Saturday, July 13, 2019

In Netflix's POINT BLANK, Joe Lynch has smartly remade the crackerjack French thriller

Back in 2011 we were extremely impressed with a little French thriller called Point Blank, directed and co-written by Fred Cavayé. Now Netflix is releasing a very-close-to-the-original remake of this film, again titled POINT BLANK, and I am happy to say that it is almost in every way a comparable feat.

Considering the 1967 John Boorman film of the same title (but leaving out the not-so-hot Mickey Rourke bomb from 1998), it would seem that Point Blank movies are very much worth seeing.

The new film, with a screenplay adapted from M. Cavayé's original by Adam G. Simon, has been directed by one of my favorite action directors, Joe Lynch (pictured at right), a fellow about whom -- given his achievement with Everly and Mayhem -- it might be safe to say that nobody has given us a more gleeful array of over-the-top violence and anarchic bedlam.

Mr. Lynch tones down the gleeful here, if not the violence, as the story involves a very pregnant woman held hostage and even knocked around a bit more that might seem righteous or bearable.

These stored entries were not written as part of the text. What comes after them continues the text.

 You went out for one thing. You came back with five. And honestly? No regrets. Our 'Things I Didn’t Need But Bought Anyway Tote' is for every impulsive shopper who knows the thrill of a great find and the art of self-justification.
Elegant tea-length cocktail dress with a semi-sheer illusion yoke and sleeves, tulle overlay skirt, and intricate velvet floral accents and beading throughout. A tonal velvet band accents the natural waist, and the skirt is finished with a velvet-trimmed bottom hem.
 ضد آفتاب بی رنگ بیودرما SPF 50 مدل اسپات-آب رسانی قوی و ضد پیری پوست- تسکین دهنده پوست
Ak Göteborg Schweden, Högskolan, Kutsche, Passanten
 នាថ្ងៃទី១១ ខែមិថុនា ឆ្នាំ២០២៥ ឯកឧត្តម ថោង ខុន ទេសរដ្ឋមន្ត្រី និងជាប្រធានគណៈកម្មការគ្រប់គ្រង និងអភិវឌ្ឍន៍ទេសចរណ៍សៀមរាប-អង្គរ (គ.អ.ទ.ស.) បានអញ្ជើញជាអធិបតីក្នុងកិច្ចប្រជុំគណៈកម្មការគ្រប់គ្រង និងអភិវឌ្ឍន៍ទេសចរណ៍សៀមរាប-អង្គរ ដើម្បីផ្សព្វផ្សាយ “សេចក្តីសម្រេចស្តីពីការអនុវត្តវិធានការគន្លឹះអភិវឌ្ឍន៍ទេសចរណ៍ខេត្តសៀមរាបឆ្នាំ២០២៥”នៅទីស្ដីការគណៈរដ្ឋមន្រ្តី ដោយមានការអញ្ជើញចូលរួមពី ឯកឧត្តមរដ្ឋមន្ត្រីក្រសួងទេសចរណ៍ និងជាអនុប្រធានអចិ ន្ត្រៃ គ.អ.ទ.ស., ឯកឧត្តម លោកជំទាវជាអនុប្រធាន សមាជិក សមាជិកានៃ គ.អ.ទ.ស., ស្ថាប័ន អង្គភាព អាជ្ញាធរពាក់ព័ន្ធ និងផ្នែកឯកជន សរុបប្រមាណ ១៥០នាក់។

The movie begins with a bang (several: yes, gunshots), as a figure crashes through a window and runs away pursued by others. Who's bad and who's good will not shake out for some time yet, and so much happens in the first few minutes without our quite knowing exactly what, why or even how, that we must simply take it all in and trust that an explanation is on offer.

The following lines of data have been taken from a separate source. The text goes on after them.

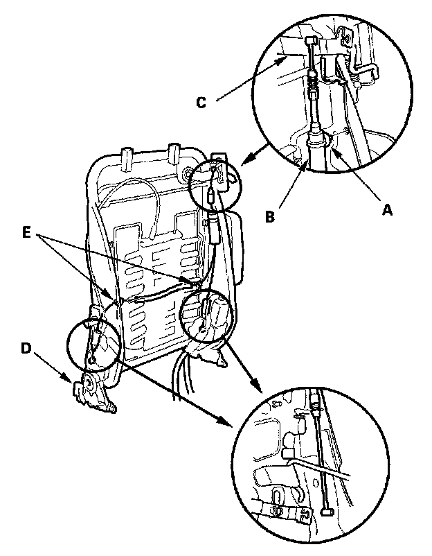 4. Detach the cable clip (A), and disconnect the rear seat access cable (B) from the rear seat access lever (C) and both recline adjusters (D). Release the wire ties (E), then remove the cable.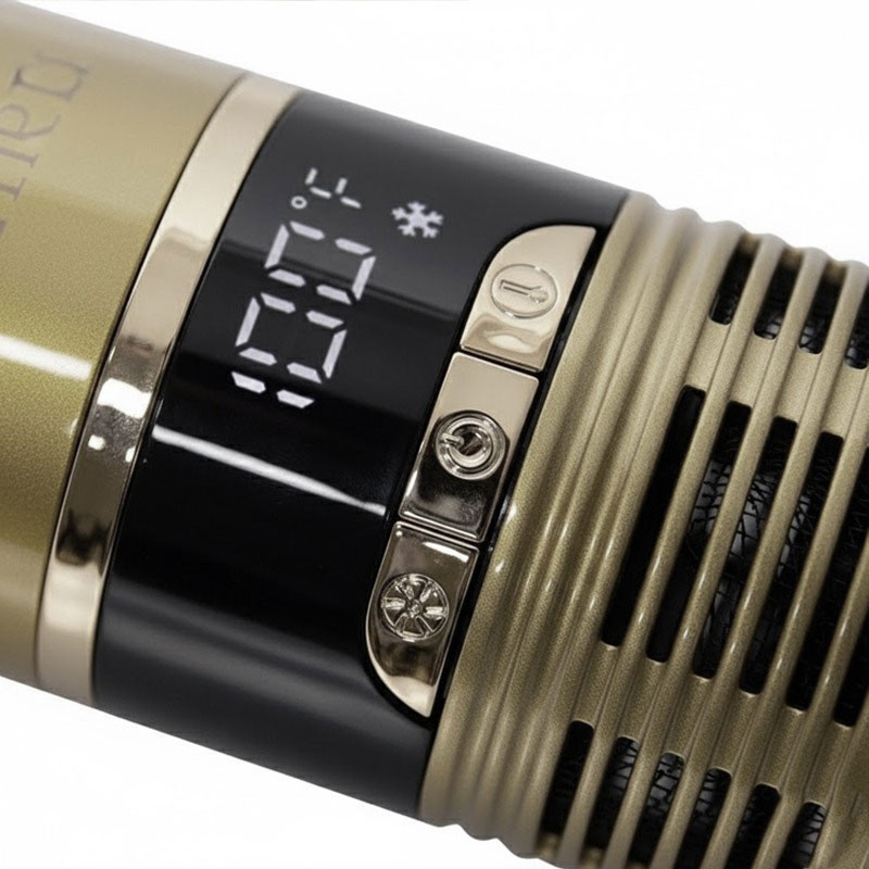 Brosse Soufflante FLORENCE - Puissance : 1000W - Technologie : Air chaud + revêtement antistatique - Température réglable : Multi-niveaux selon le type de cheveux - AVEC Afficheur - Fonctions : Lissage et Séchage rapide - Câble Rotatif 360° - Sécurité : Protection contre la surchauffe - Couleur : Gold - Garantie : 1 an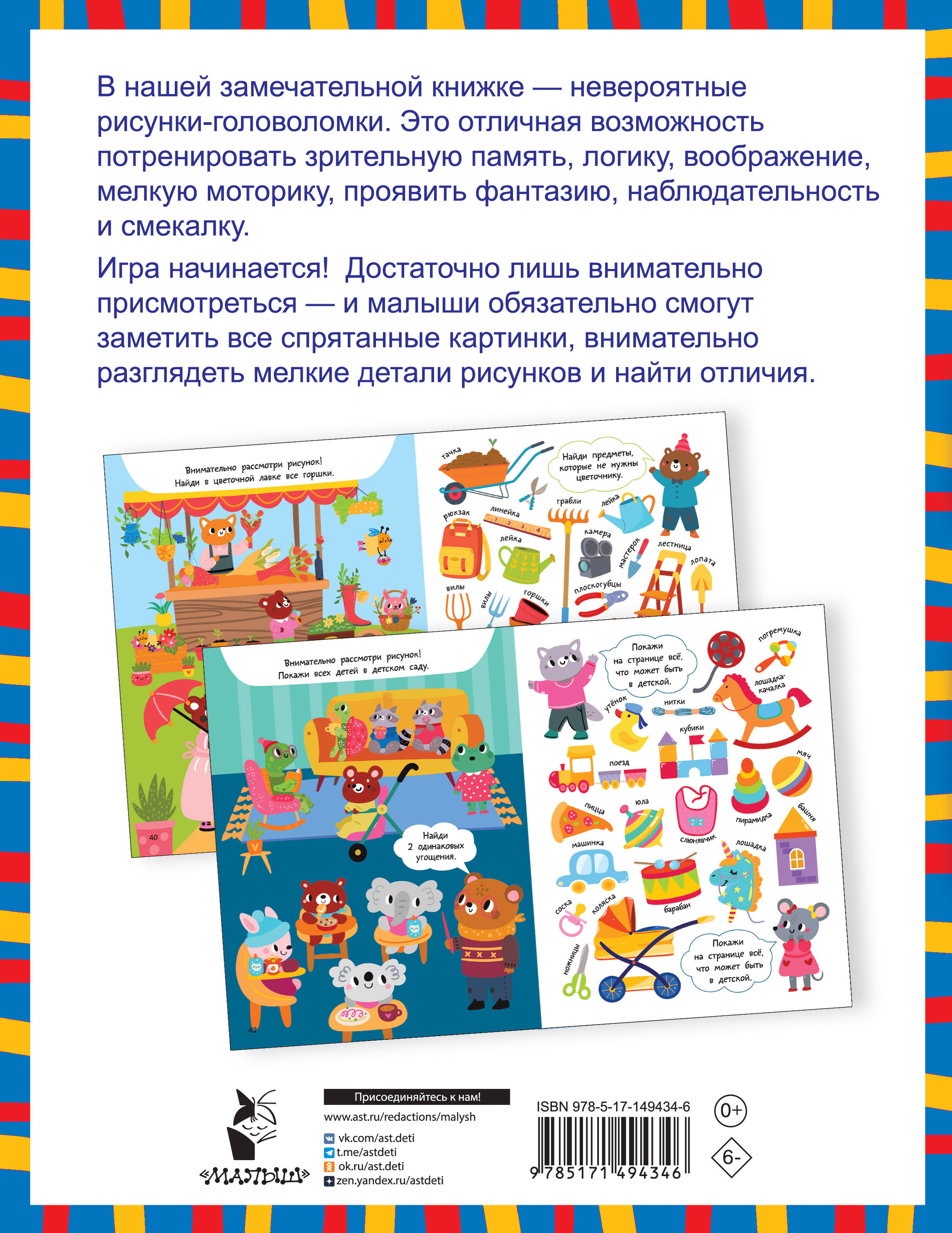 Открывайте книжку картинок-головоломок и устраивайте квест или викторину - в игре раскрываться творческие способности, развиваются внимание, память, воображение. Находя сходства и отличия, решая логические задачки, малыши не только весело проведут время, но и смогут проявить смекалку, наблюдательность, фантазию. Забавные иллюстрации поднимут настроение и создадут для компании малышей атмосферу увлекательной игры. Замечательная книжка игр и заданий подарит ребенку множество приятных минут! Открывайте замечательную книжку игр и заданий - и устаревайте веселую и увлекательную викторину!| Издательство | АСТ |

It is, and it leads to a lot more violence, surprise and fun as a male nurse (Anthony Mackie, above, right) taking care of that initial run-away man (Frank Grillo, above left), who's now in hospital, is forced to get that man out of the hospital and away from the police before his own pregnant wife comes to harm.

To tell much more of the plot would create spoilers, so I'll just say that along the way we meet a hard-boiled policewoman (Marcia Gay Harden, above, left) and a bunch of cops, not all of them as devoted to "protect and serve" as you might prefer. The movie's most emotional performance, and the one that finally grounds it to some kind of reality is given by Christian Cooke (below), as the frightened, angry and helpful/helpless brother of the Grillo character, caught between rescuing his bro and doing the right thing.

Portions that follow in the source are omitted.